**WHAT IS EXPECTED:**
Your answer should hold exactly the lines below from the line with "LOT::173 Federal Glass" through the line with "Some of the", both included, and no pictures at all.
Content starts
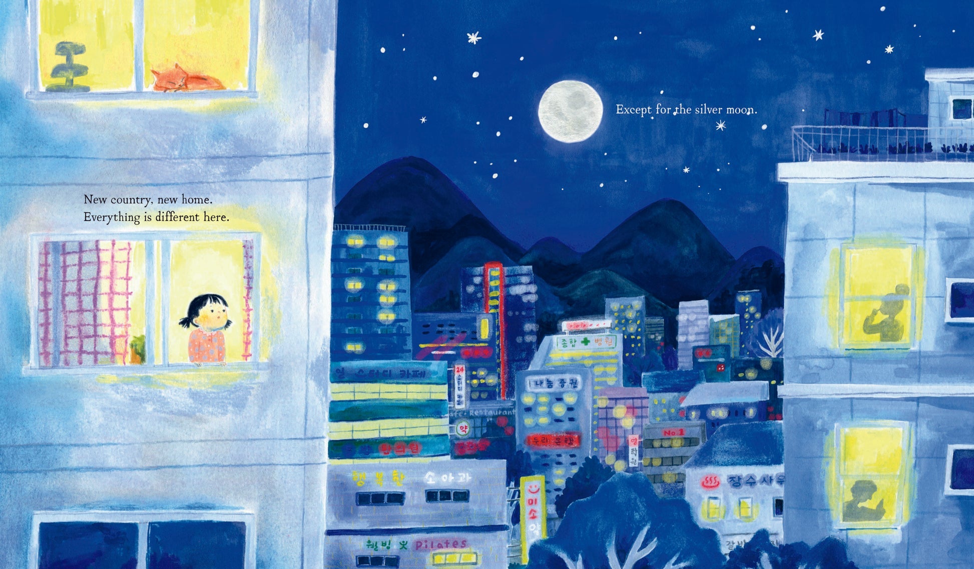 When Bomi moves to a new country everything seems different except for the silver moon. Making a faraway place feel like home isn't easy, but as she explores Bomi finds comfort in matching new with old. Soon she discovers the colours of home everywhere she looks.
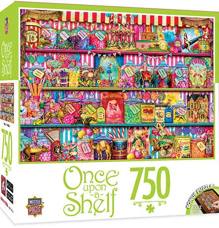 Ce puzzle de 750 pièces comprend des "étagères" de gâteries colorées avec un bord vintage, y compris la taffy, les sucettes, les bâtons de menthe poivrée, et plus encore! Puzzle bonus inclus dans l'application gratuite!
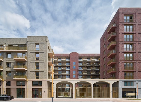 Bij dit project waren strenge geluidseisen vanwege de nabijheid van de Stadsbaantunnel een uitdaging. Het ontwerp omvat geluidswerende maatregelen aan de tunnelzijde, zoals glazen balkons, om geluidsoverlast te verminderen. Dit vereiste nauwkeurige esthetische en technische detaillering en duurzaam gevelisolatiemateriaal (glaswol bestaande uit 80% gerecycled glas) om aan brandveiligheidsnormen te voldoen en milieueisen te halen.
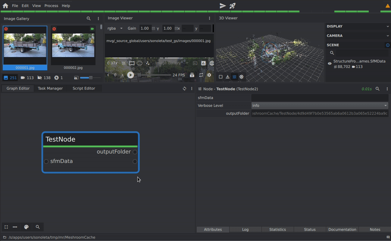 meshroom_batch) for headless execution and integration into automated pipelines. - JSON-based pipeline definitions for reproducibility and version control.
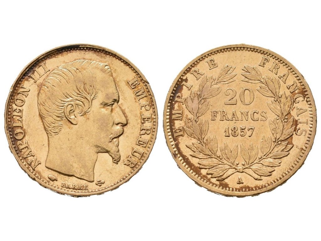 20 Frank 1857 A, Paříž, Au 0,900, 21,5 mm (6,4516 g)
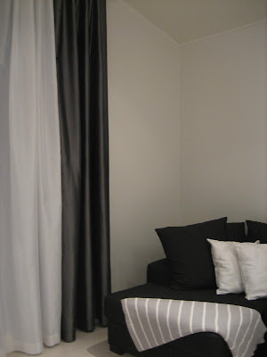 Vielä vois lisätä pari harmaata (verhojen sävyistä) tyynyä valkoisten kaveriks.
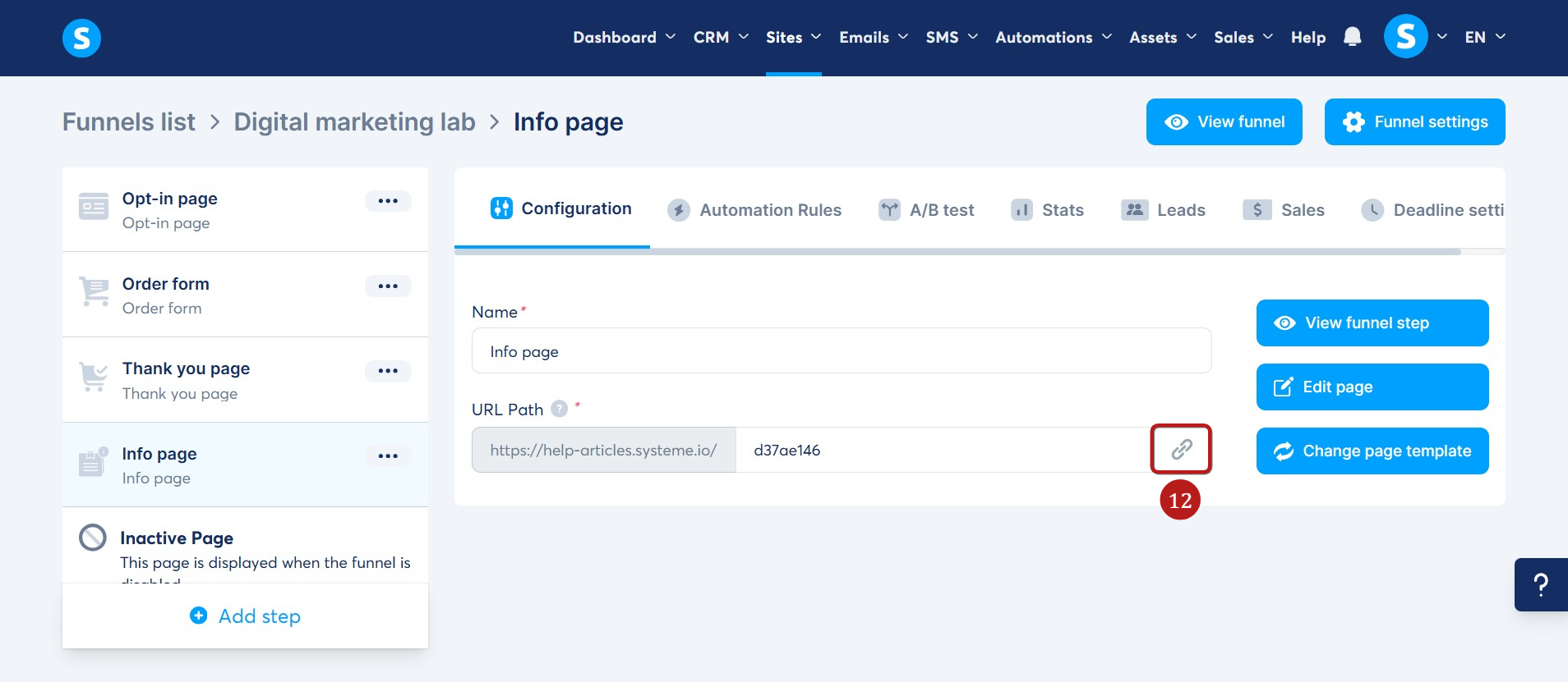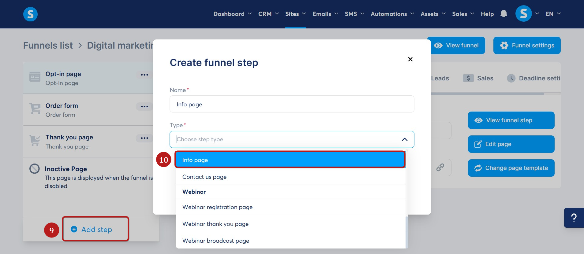 Begin by creating a new page for your terms. Click Add step (9) and select Info page (10) as the page type.
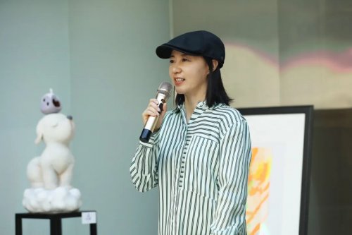 ”所以我觉得然后后来我又看到他外面去雕塑的手捏的那些小狗,因为我自己也是养狗人,我觉得他是一个非常纯粹的艺术创作者,他并不是为了自己一定要做一年做几次展览,一定要出多少个作品,最好的艺术创作,其实这个人的他自己的对生活的热爱本身,所以说我觉得他的作品非常的动人,非常的真挚,最好的作品就是真挚的感情。大欢的艺术作品,我觉得最打动我的就是刚才那幅知进退,因为他刚才在跟我解读的时候说很多的书法作品都是水墨黑白的墨色,然后他想用粉色的一个墨水来表达对女性的一种共情也好,还是致敬也好,正好在创作的时候墨被他的手给晕染开来了。因为其实女性在这个社会其实会面临很多的难处和不容易,反倒是柔软,可以战胜刚强。所以我觉得这一幅粉红色的很柔软的知进退走到了我的心中,谢谢。”
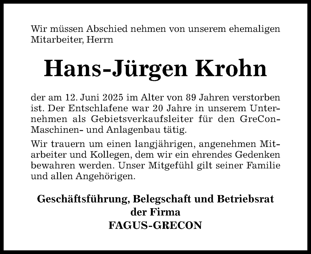 Hier finden Sie alle Traueranzeigen aus der Zeitung, die bisher für Hans-Jürgen Krohn erschienen sind. Weitere Traueranzeigen, die in der Zeitung erscheinen, werden hier ebenfalls aufgelistet
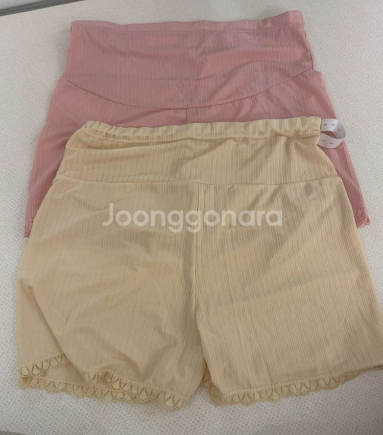 임부용 반바지 2벌입니다 사이즈는 2XL이고, 색상은 핑크색과 베이지색입니다 재질은 면 91% 및 스판덱스 9%입니다 상품올리려보니 살구색엔 얼룩이잇네요 고무나 옷결 만져보시면 새상품인거 아실거에요 시착 안한 새상품입니다
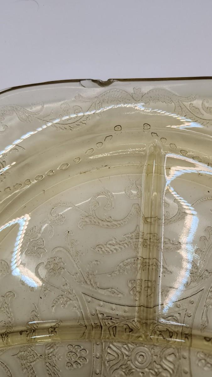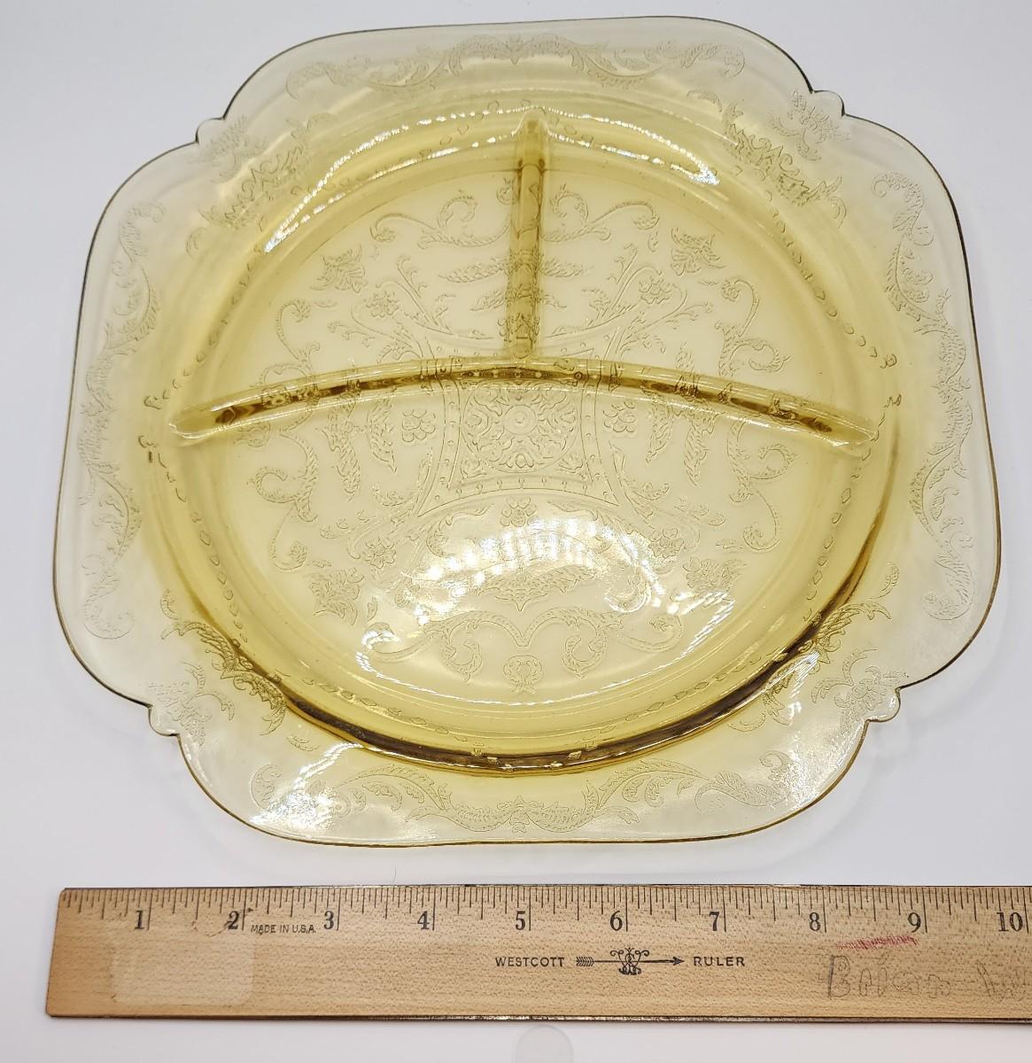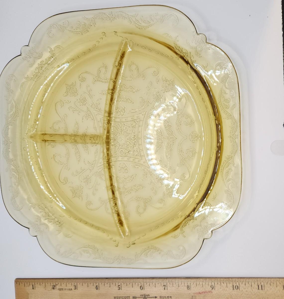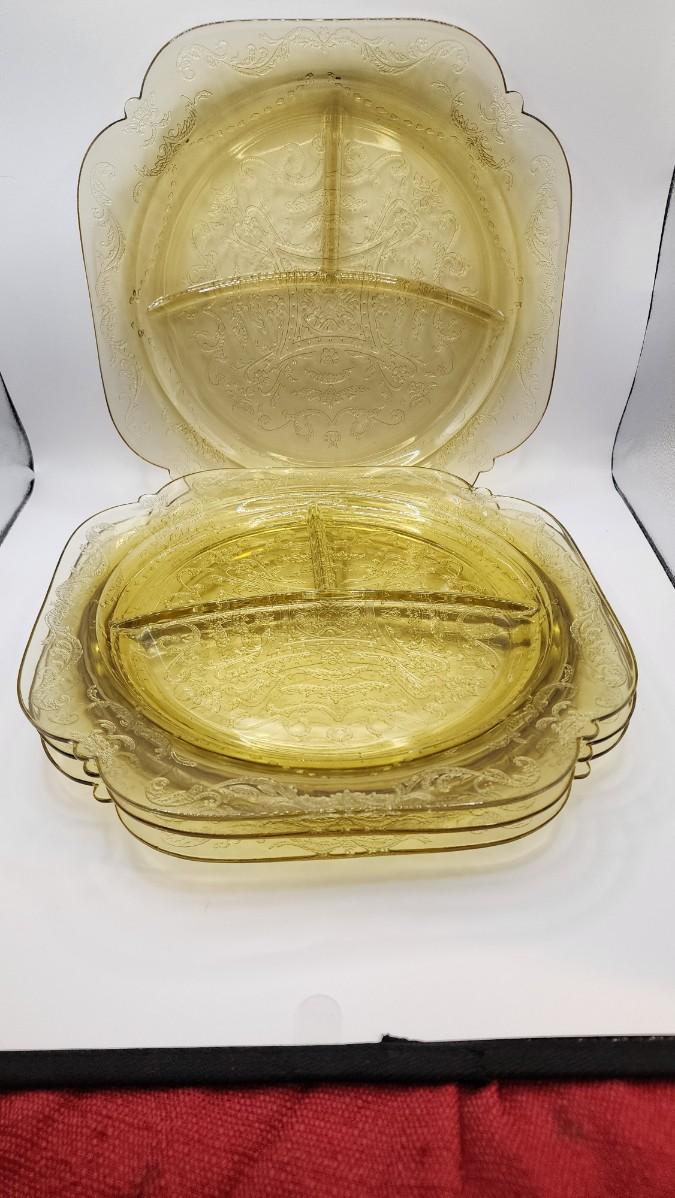 LOT::173 Federal Glass Co 1930s Marigold Depression Glass "Madrid" Pattern 7 Portioned Dinner/Luncheon Plates
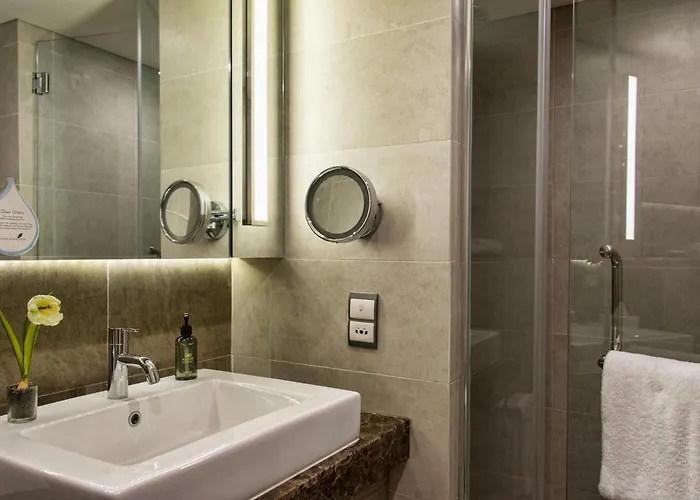 Some of the 157 air-conditioned rooms are equipped with blackout drapes and an ironing board, as well as entertainment amenities such as cable channels. For your comfort, you will find a bidet, a separate toilet, and a shower, along with a hairdryer and dressing gowns. They offer views of the city.
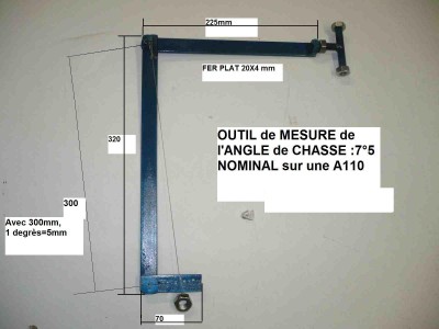 Pour mesurer la chasse, je braque à gauche de X°, je mesure le carrossage ; je braque à droite de X°, je mesure le carrossage. Reste à calculer la variation de carrossage et la multiplier par 3 si X = 10° ; multiplier par 2 si X = 15° et par 1,5 si X = 20°.
Content ends
**ANSWER AREA:**
 LOT::173 Federal Glass Co 1930s Marigold Depression Glass "Madrid" Pattern 7 Portioned Dinner/Luncheon Plates
 Some of the 157 air-conditioned rooms are equipped with blackout drapes and an ironing board, as well as entertainment amenities such as cable channels. For your comfort, you will find a bidet, a separate toilet, and a shower, along with a hairdryer and dressing gowns. They offer views of the city.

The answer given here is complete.